The Gülen Movement now operates the largest charter school network in the United States. It has at least 135 schools teaching more than 45,000 students in at least 26 states, financed by millions of U.S. taxpayer dollars a year.
The principals and school board members are usually Turkish men. Hundreds of Turkish teachers (referred to as "international teachers") and administrators have been admitted to the United States, often using H-1B visas, after claiming that qualified Americans cannot be found.
In addition, the Gülen Movement has nurtured a close-knit network of businesses and organizations run by Turkish immigrants. These include the big contractors who built or renovated the schools, plus a long list of vendors selling school lunches, uniforms, after-school programs, web design, teacher training, and special education materials.
Several other news sources have started to publish information about the Gülen charter schools. In Ohio, an NBC-TV station reported that Ohio taxpayers' money was used to recruit teachers for charter schools from overseas, especially from Turkey.
The Philadelphia Inquirer reported that Turkish scientists, engineers and businessmen have opened several charter schools in Pennsylvania, plus 120 charter schools in 25 states, funded with millions of taxpayer dollars. Just one charter school, called the Truebright Science Academy, received $3 million from the Philadelphia School District.

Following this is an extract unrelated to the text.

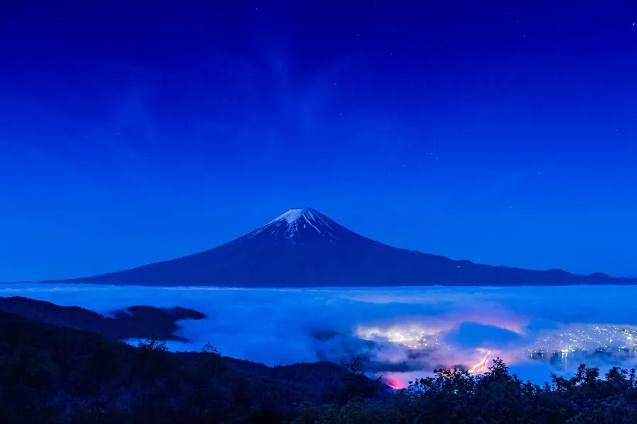 Fuji Peak Through The Clouds At Nighttime Wallpaper

According to a guest post in the Washington Post (3-27-12), Gülen's U.S. schools are openly discussed in the Turkish press. The goal for Gülen's schools is to "teach tens of thousands of people the Turkish language, introduce them to our culture and win them over," and so the schools regularly take students to Turkey for "cultural immersion."
The New Orleans Times-Picayune reported that charter schools in New Orleans and Baton Rouge are linked to businesses run by people from Turkey.

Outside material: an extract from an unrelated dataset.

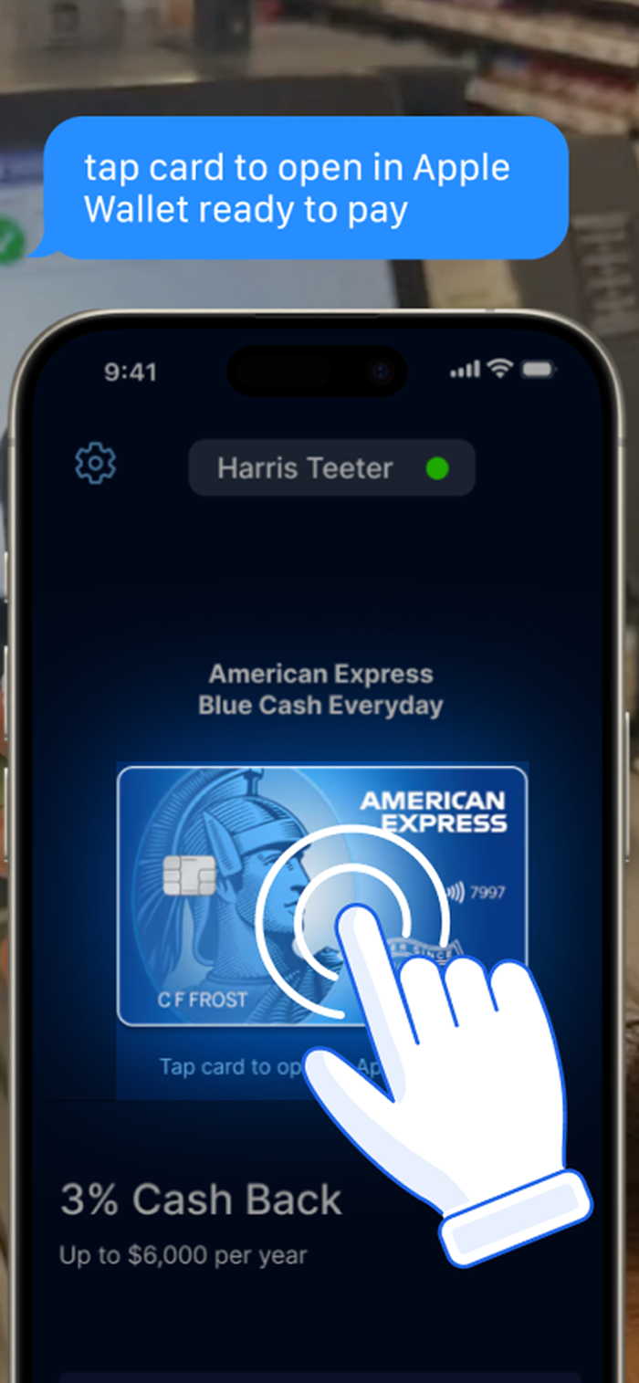 你无需告诉CardPilot“我在哈里斯·泰特超市”或“我在好市多”。该应用程序不会要求你搜索或输入商店名称。

In Texas, 36 Turkish charter schools, called the Harmony Network, have received over $100 million in government funds. These schools now have 290 (mostly Turkish) employees on H-1B visas, about 16 percent of its workforce.
In Inver Grove Heights, Minnesota, a substitute teacher named Amanda Getz reported about what goes on inside a charter school called TiZA. TiZA is a K-through-8th-grade charter school funded by U.S. taxpayers and sponsored by Islamic Relief.
The teacher says there is no clear division between the subjects studied during school and the study of the Qu'ran after school. She says that homework assignments for after-school religious instruction are written on the board right alongside assignments for math and social studies.
Ms. Getz says she was informed that, on Fridays, the Muslim holy day, there would be a school assembly in the gym after lunch. She was instructed to take her students before the assembly to the bathroom, four at a time, for "ritual washing," and afterwards "teachers led the kids into the gym, where a man dressed in white with a white cap" led the students in Muslim prayers.
This school has only 300 students, but it has a waiting list of 1,500. TiZA shares its building with a mosque and also with the headquarters of the Muslim American Society of Minnesota, whose mission is "establishing Islam in Minnesota."
Ms. Getz said almost all TiZA students stay after school for "Islamic Studies" instruction provided by the Muslim American Society. The religious instruction is technically not part of the school day, but the school buses don't leave until after Islamic Studies are over. Most American taxpayers would be mighty surprised at what their money is financing.